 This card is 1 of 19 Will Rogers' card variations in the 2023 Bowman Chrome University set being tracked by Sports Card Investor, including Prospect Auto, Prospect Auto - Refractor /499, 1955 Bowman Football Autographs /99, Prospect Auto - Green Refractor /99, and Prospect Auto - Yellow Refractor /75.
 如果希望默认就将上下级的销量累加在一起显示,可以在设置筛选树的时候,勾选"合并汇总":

...

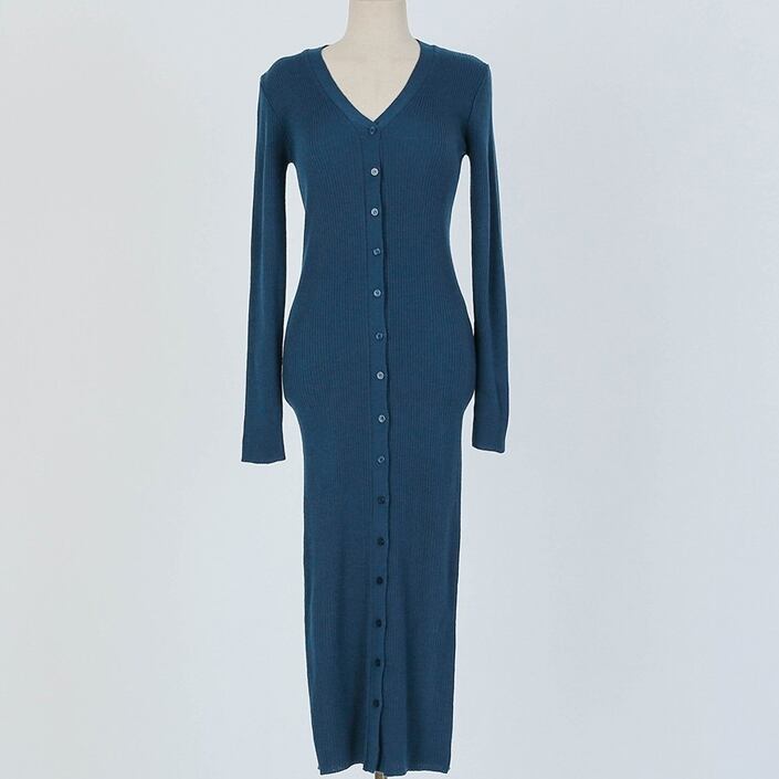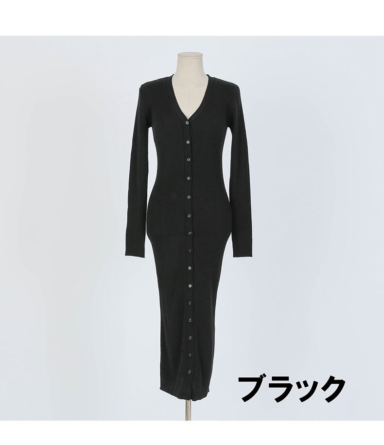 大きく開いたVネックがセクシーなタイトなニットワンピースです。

Exercise. Lines to set down from above: the line with "This card is", the line with "如果希望默认就将上下级的销量", and every line between, each exactly as written.

Result of the exercise.
 This card is 1 of 19 Will Rogers' card variations in the 2023 Bowman Chrome University set being tracked by Sports Card Investor, including Prospect Auto, Prospect Auto - Refractor /499, 1955 Bowman Football Autographs /99, Prospect Auto - Green Refractor /99, and Prospect Auto - Yellow Refractor /75.
 如果希望默认就将上下级的销量累加在一起显示,可以在设置筛选树的时候,勾选"合并汇总":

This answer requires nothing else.